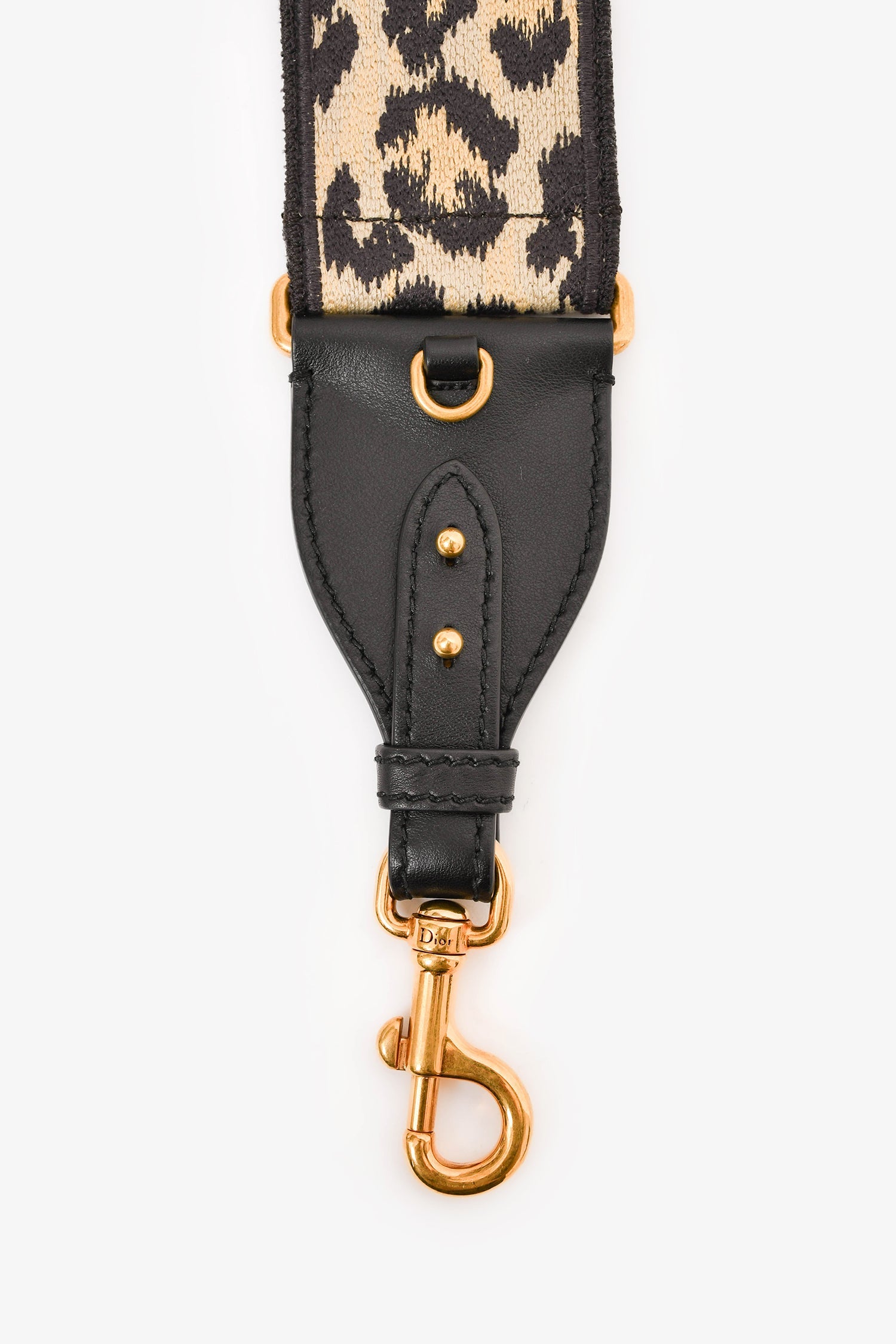 Christian Dior Black/Gold Leopard Jacquard Guitar Bag Strap. Lobster clasp closure. Gold-tone hardware. Tonal stitching.
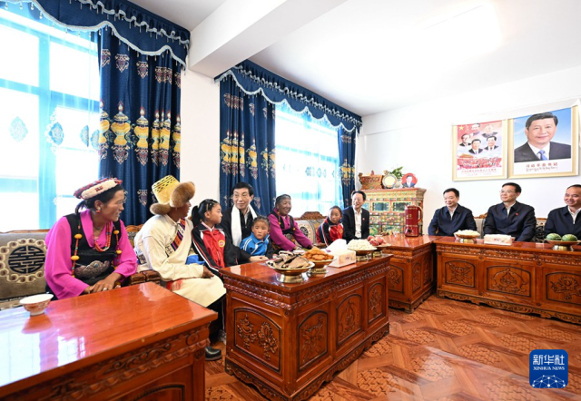 中共中央政治局委员、中央统战部部长、中央代表团副团长李干杰带领阿里分团来到阿里地区噶尔县扎西岗乡典角村村委会,了解固边兴边富民行动和铸牢中华民族共同体意识工作开展情况等。在阿里地委大院,李干杰一行看望慰问阿里地区领导班子成员及各族各界代表并合影。随后,代表团前往社区、学校、产业园、医院,了解脱贫攻坚成果巩固拓展、基层治理、教育援藏、农业发展、医疗卫生事业等情况。李干杰表示,要深入推进兴边富民、稳边固边,引导各族干部群众不断增进“五个认同”,促进各民族交往交流交融,把改善生产生活条件、发展高原特色优势产业、加强生态文明建设、做好新时代对口援藏工作等落实落细,让各族人民共享中国式现代化建设成果。
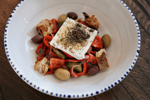 Place the vegetables, croutons, olives, onion, dill, and oregano in a deep dish.
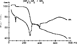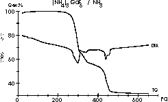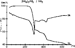 8 | DTA/TG measurement under ammonia! Meike Roos investigated the courses of the ammonolysis reactions of the ammonium hexafluorometalates (NH4)3MF6 (M = Al, Ga, In) with the aid of in-situ powder diffractometry and differential thermal analysis. After finding the optimum measuring parameters we got these amazing diagrams which respond great to the results of the other analytical investigations. This is the Al compound. | |
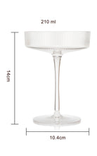 Add a touch of sophistication to your home bar with this Cocktail Coupe Goblet Glass. Made of high quality glass and equipped with a unique shaped bowl, these glasses give you more swirling space and help aromatics release more slowly for maximum enjoyment. Each glass features a wide stem and small foot, creating a beautiful silhouette and an elegant look for any table setting. Whether you'd rather imbibe or just enjoy the sight of fresh squeezed juices floating in the glass, the Coupe Goblet Glasses set is sure to impress. These elegant cocktail coupe goblet glasses are made from durable, solid borosilicate glass and hold 8 ounces. With a canted bowl and flared bottom, these stemless glasses allow the mixing and swirling of liquors and juices in drinks, offering a wide opening for aromas to be expelled. Perfect for fine dining or entertaining in the comfort of your own home. Listing is for one glass only.
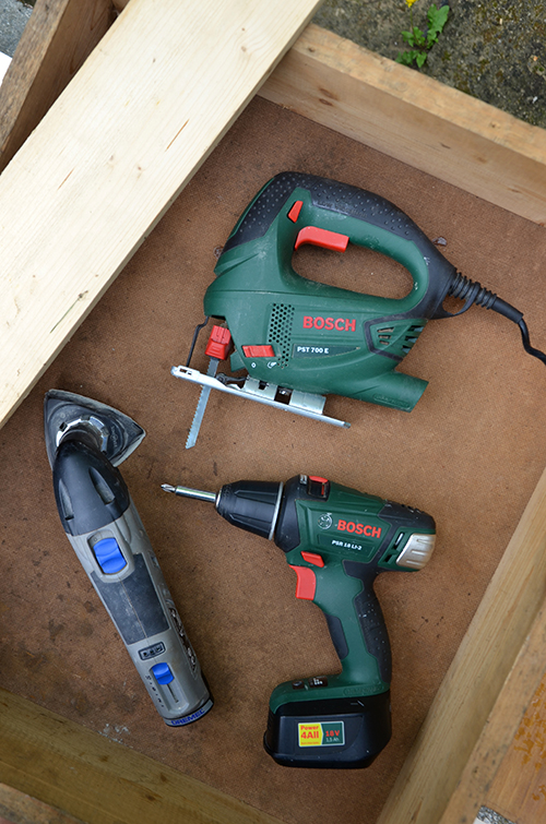 Első lépésként összeszedtem a szükséges alapanyagokat és eszközöket: a dekorpírfűrészt, a fúró/csavarozót, a deltacsiszolót, a lépcső (ITT) és hinta (ITT) festéséhez használt Poli-Farbe Boróka dió színű lazúrt, ecsetet, csavarokat és mérőszalagot.
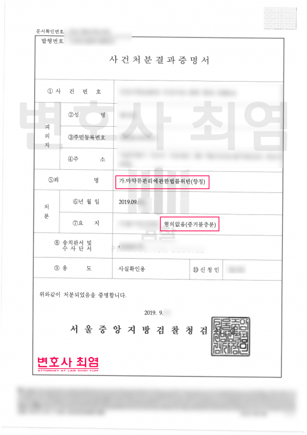 의뢰인은 마약류를 광고하고 소지한 죄로 경찰서에서 조사 연락을 받아 사무실에 방문하였습니다.
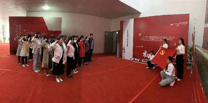 最后,全体党员前往校国政馆重温入党誓词。面对红色的党旗,各党员郑重宣誓。一句句掷地有声的宣誓词表现了党员同志们对党的忠诚、为民担当的政治觉悟和强烈的责任意识。宣誓仪式令各党员的神圣感、荣誉感和使命感得到了强化。
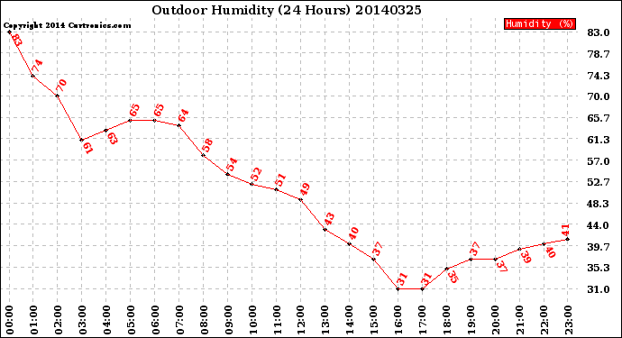Milwaukee Weather -- 20140325 Outdoor Humidity

******************************

§ EXERCISE INSTRUCTIONS: Your answer must be the records exactly as they stand, with no pictures in it.

§ REPLY:
 Christian Dior Black/Gold Leopard Jacquard Guitar Bag Strap. Lobster clasp closure. Gold-tone hardware. Tonal stitching.
 中共中央政治局委员、中央统战部部长、中央代表团副团长李干杰带领阿里分团来到阿里地区噶尔县扎西岗乡典角村村委会,了解固边兴边富民行动和铸牢中华民族共同体意识工作开展情况等。在阿里地委大院,李干杰一行看望慰问阿里地区领导班子成员及各族各界代表并合影。随后,代表团前往社区、学校、产业园、医院,了解脱贫攻坚成果巩固拓展、基层治理、教育援藏、农业发展、医疗卫生事业等情况。李干杰表示,要深入推进兴边富民、稳边固边,引导各族干部群众不断增进“五个认同”,促进各民族交往交流交融,把改善生产生活条件、发展高原特色优势产业、加强生态文明建设、做好新时代对口援藏工作等落实落细,让各族人民共享中国式现代化建设成果。
 Place the vegetables, croutons, olives, onion, dill, and oregano in a deep dish.
 8 | DTA/TG measurement under ammonia! Meike Roos investigated the courses of the ammonolysis reactions of the ammonium hexafluorometalates (NH4)3MF6 (M = Al, Ga, In) with the aid of in-situ powder diffractometry and differential thermal analysis. After finding the optimum measuring parameters we got these amazing diagrams which respond great to the results of the other analytical investigations. This is the Al compound. | |
 Add a touch of sophistication to your home bar with this Cocktail Coupe Goblet Glass. Made of high quality glass and equipped with a unique shaped bowl, these glasses give you more swirling space and help aromatics release more slowly for maximum enjoyment. Each glass features a wide stem and small foot, creating a beautiful silhouette and an elegant look for any table setting. Whether you'd rather imbibe or just enjoy the sight of fresh squeezed juices floating in the glass, the Coupe Goblet Glasses set is sure to impress. These elegant cocktail coupe goblet glasses are made from durable, solid borosilicate glass and hold 8 ounces. With a canted bowl and flared bottom, these stemless glasses allow the mixing and swirling of liquors and juices in drinks, offering a wide opening for aromas to be expelled. Perfect for fine dining or entertaining in the comfort of your own home. Listing is for one glass only.
 Első lépésként összeszedtem a szükséges alapanyagokat és eszközöket: a dekorpírfűrészt, a fúró/csavarozót, a deltacsiszolót, a lépcső (ITT) és hinta (ITT) festéséhez használt Poli-Farbe Boróka dió színű lazúrt, ecsetet, csavarokat és mérőszalagot.
 의뢰인은 마약류를 광고하고 소지한 죄로 경찰서에서 조사 연락을 받아 사무실에 방문하였습니다.
 最后,全体党员前往校国政馆重温入党誓词。面对红色的党旗,各党员郑重宣誓。一句句掷地有声的宣誓词表现了党员同志们对党的忠诚、为民担当的政治觉悟和强烈的责任意识。宣誓仪式令各党员的神圣感、荣誉感和使命感得到了强化。
Milwaukee Weather -- 20140325 Outdoor Humidity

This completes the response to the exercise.